=== Task requirements ===
Every line below that has the string "batik" needs to be copied.

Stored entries
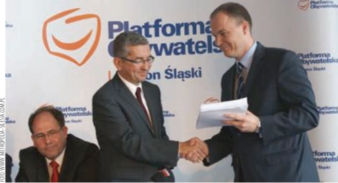
Wrzesień 2011: politycy Platformy Obywatelskiej prezentują projekt ustawy metropolitalnej

zwłaszcza PiS przyjęły rolę opozycji totalnej, krytykującej wszystkie poczynania rządu bez względu czy ma to sens, czy nie. Ludowcy od dawna nie kryją, że w ich przekonaniu metropolie zagrażą zrównoważonemu rozwojowi Polski i to w znacznej mierze z ich powodu prace nad ustawą metropolitalną spaliły na panewce w Sejmie poprzedniej kadencji. Także w szeregach PO dedykowana dla konurbacji katowickiej ustawa budzi szereg wątpliwości. Waldy Dzikowski, poseł Platformy z Wielkopolski, jest co prawda zwolennikiem usprawnienia funkcjonowania największych obszarów miejskich w Polsce, jednak najchętniej widziałby prace nad jednym uniwersalnym rozwiązaniem dla np. 12 największych miast. Możliwe zresztą, że podczas parlamentarnych prac ustawa z kresem polegnie w toku kłótni o metropolizację Rzeszowa albo Koszalina. Niestety, posłowie nie mają również świadomości, że wciskanie konurbacji katowickiej w ten sam model funkcjonowania metropolii jak w przypadku Poznania czy Trójmiasta, to błąd. Na Górnym Śląsku i w Zagłębiu Dąbrowskim mamy do czynienia z organizmem wewnątrznie złożonym, składającym się z miast o nieraz sprzecznych interesach, konkurujących ze sobą, jak np. Katowice z Gliwicami. Zresztą w przypadku Trójmiasta które obejmuje Gdynię, Sopot i Gdańsk również nie udało się wyeliminować pewnej rywalizacji pomiędzy poszczególnymi miastami. Stąd uzasadnione są obawy, że w przypadku metropolii śląsko-zagłębiowskiej może być
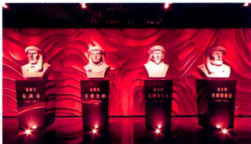
金初四位皇帝大理石雕像

● 金初四帝 金代在金上京为帝的四位皇帝即完颜阿骨达、完颜吴乞买、完颜合剌、海陵王完颜亮。这四位皇帝是金上京 38 年政治舞台的主人公,也是金上京历史博物馆基本陈列的胆和魂。
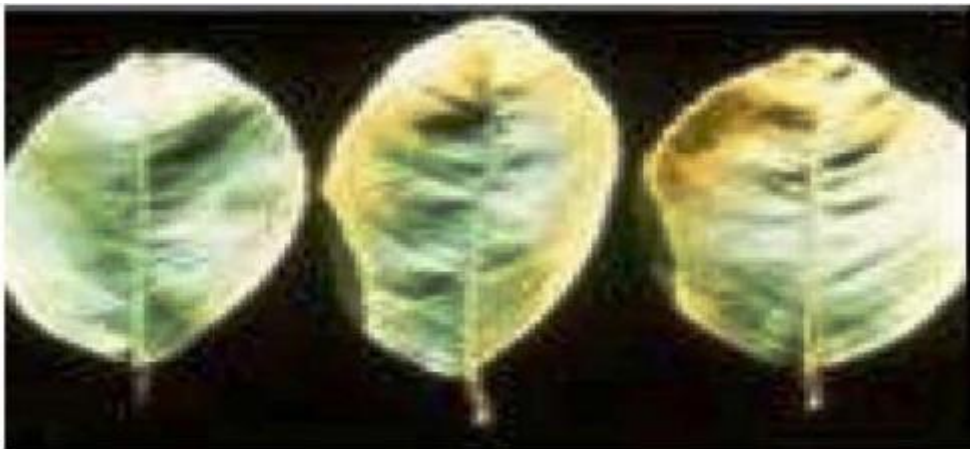
Imagen 4.- Deficiencias de Calcio en limón persa.

- Al inicio ocurre un amarillamiento en la orilla de las hojas jóvenes maduras que luego avanza del borde hacia el interior de la hoja. (Ver Imagen 4).
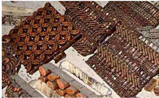
Gambar 12. Alat Cap batik.

Membatik, baik itu batik tulis maupun cap, melalui empat tahap proses pematikan. Tahap-tahap tersebut adalah tahap persiapan, pematikan, pewarnaan dan penghilangan warna. Tahap persiapan dimulai dengan pencucian bahan kain dengan air. Fungsinya adalah untuk menghilangkan lapisan tepung kanji yang biasanya terdapat dalam bahan kain. Lapisan tepung kanji yang telah hilang ini membuat kain lebih lentur dan luwes untuk dibatik. Proses pencucian bahan kain batik dinamakan dengan nggirah (Sewan Susanto, 1973:6).
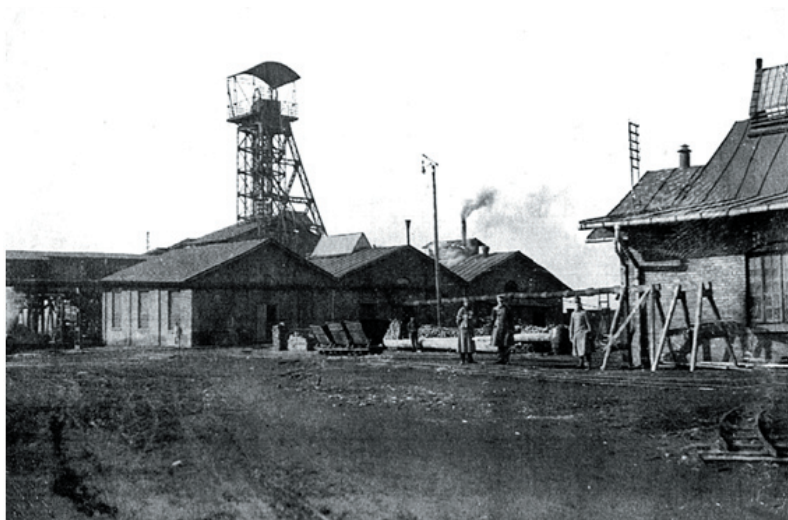
Ryc. 3. Kopalnia „Flora” – 1916 rok (ze zbiorów Muzeum Miejskiego „Szttygarka” w Dąbrowie Górniczej)

Rozwój gospodarki II Rzeczypospolitej historycy dzielą na cztery okresy (Jaros, 1969). Pod koniec pierwszego z nich (1918–1925, zwanego okresem inflacji), w wyniku wojny handlowej między Polską a Niemcami, na terenie Zagłębia Dąbrowskiego upadło bardzo dużo niewielkich kopalń (Niepielski, 1927). W okresie
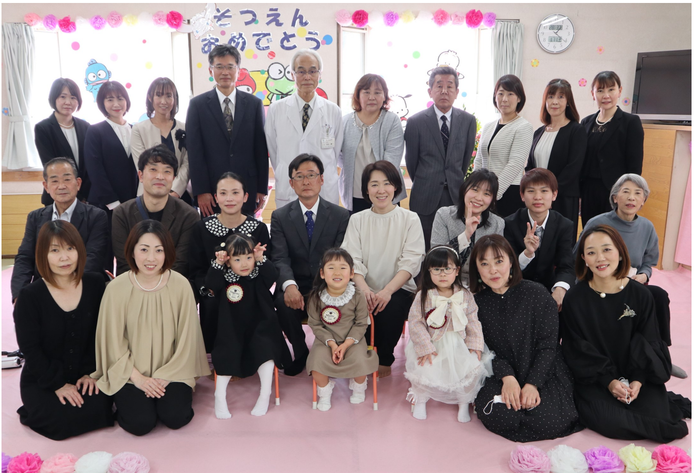
宮田病院 ひよこ保育園 第29回卒園式 令和5年3月11日
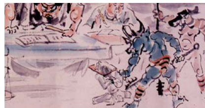
地こく変(部分) 菅橋彦筆 明治41年(1908) 大阪歴史博物館蔵

天変地異や災厄の原因を理解し、生の苦しみや死の恐怖を克服するために、人々は「異界」についてどのように捉え、交渉し、また対応してきたのかを民俗・歴史・考古・美術などさまざまな資料から考えます。
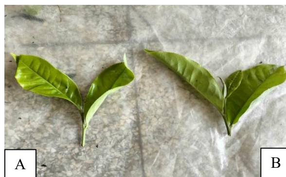
Gambar 2. Pucuk Daun Teh

Selain itu, komponen kualitas yang berbeda, seperti senyawa yang bisa menguap maupun yang tidak, terakumulasi dengan cara yang berbeda dalam pucuk teh serta berkontribusi pada kualitas akhir dari produk teh tersebut. Berbagai faktor yang ada pada tanaman, mulai dari bagaimana stres dirasakan hingga cara metabolit disintesis, memainkan peranan penting dalam proses ini, termasuk sinyal penerima, faktor pengatur sinyal, faktor transkripsi (TFs), dan gen-gen sintesis lainnya. Proses akumulasi komponen berkualitas dalam jalur-jalur ini sangat tergantung pada kondisi stres yang dialami, yang dapat meningkatkan atau mengurangi mutu teh yang dihasilkan. Namun, walaupun sudah banyak penelitian tentang hubungan antara stres lingkungan dan kualitas teh, ulasan yang merangkum semua penelitian tersebut sangat sedikit. Pertama, cara stres ini berdampak pada komponen penentu kualitas dalam pucuk teh masih belum jelas sepenuhnya. Kedua, pengaruh stres terhadap kualitas akhir dalam aspek sensorik dan nutrisi juga masih belum dipahami dengan baik, dan terakhir, metode untuk mengatasi stres tanpa mengorbankan pertumbuhan tanaman dan kualitas belum sepenuhnya dirumuskan (Liu et al. , 2022).
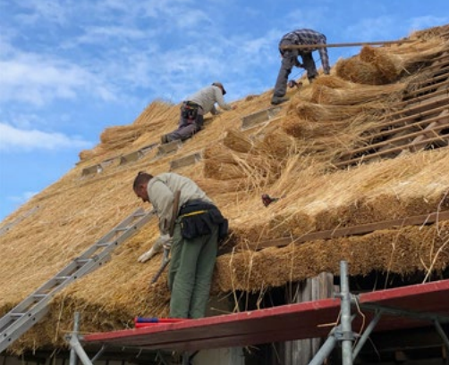
Ein neues Strohdach für das Freilichtmuseum Pelmberg.

19. Mai 2024 und laufende Führungsangebote an weiteren Öntungstagen im Aktionszeitraum eine gute Gelegenheit, um die umfassend neu sanierte Leharvilla zu erkunden. Die Villa, die dem Komponisten Franz Lehár als Sommerfrischeort diente, war nach dem Tod des „Operettenkönigs“ 1948 unter Auagen der Stadtgemeinde Bad Ischl vermacht worden. Das Haus sollte der Öentlichkeit in unverändertem Zustand zugänglich gemacht werden. An dem bereits ab 1949 als Museum geführten Haus waren in den letzten Jahren Restaurierungs- und Sanierungsarbeiten unabdinglich geworden. Im Zuge der Kulturhauptstadt Salzkammergut 2024 wird das nunmehr generalsanierte Haus ab Mai 2024 wieder für Besucherinnen und Besucher geönet.
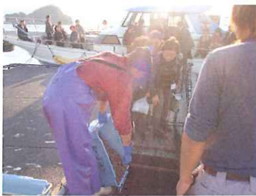
鯛の餌やり体験中の皆さん

JA愛媛南さんと姉妹提携している宮城のJA栗っこの女性部の方々が養殖見学に来られました♪♪遊子の段々畑を見学された後、渡船で34名の方々が鯛一郎クン養殖筏に大集合(≧▽≦)過去最高人数に驚きましたが、皆さんは餌やりを初めて見たらしく、すごい歓声でした(*^o^*)その後の、鯛を釣ってもらった時の大歓声は、僕らのテンションを跳ね上げるくらいすごいものでした!皆さんに、とても喜んでもらえてよかったですV(^-^)^釣上げた鯛は、宇和島のかどやさんに持ち込みして鯛料理を満喫して頂きたいです♪こんなに喜んでくれる姿を目の当たりにすると、やりがいのある仕事だなあとあらためて感じさせられます。 <左ひれ>
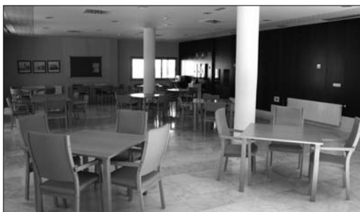
El comedor es muy práctico y cómodo, además de ser bastante amplio
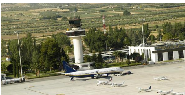
Imagen 3. Aeropuerto Granada-Jaén
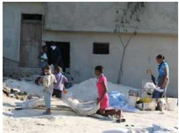
In den Trümmern suchen die Menschen in Haiti nach Verwertbarem.

Nach dem Erdbeben haben viele Menschen Port-au-Prince verlassen und sind in ländliche Gegenden gezogen - auch in den Nordosten Haitis, wo Plan arbeitet. Plan stimmt sich im Nordosten mit anderen Nichtregierungsorganisationen und den lokalen Behörden ab. In den Gemeinden Fort Liberté, Ouanaminthe, Carice und Trou du Nord übernahm Plan die Aufgabe, einen Überblick über die Migranten aus den Erdbebengebieten zu bekommen. In Carice führte Plan auch Programme zur psychosozialen Betreuung durch.
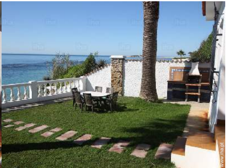
vista sobre o mar
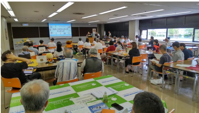
スポーツボランティア・マッチングの開催

=== Answer to the exercise ===
Gambar 12. Alat Cap batik.
Membatik, baik itu batik tulis maupun cap, melalui empat tahap proses pematikan. Tahap-tahap tersebut adalah tahap persiapan, pematikan, pewarnaan dan penghilangan warna. Tahap persiapan dimulai dengan pencucian bahan kain dengan air. Fungsinya adalah untuk menghilangkan lapisan tepung kanji yang biasanya terdapat dalam bahan kain. Lapisan tepung kanji yang telah hilang ini membuat kain lebih lentur dan luwes untuk dibatik. Proses pencucian bahan kain batik dinamakan dengan nggirah (Sewan Susanto, 1973:6).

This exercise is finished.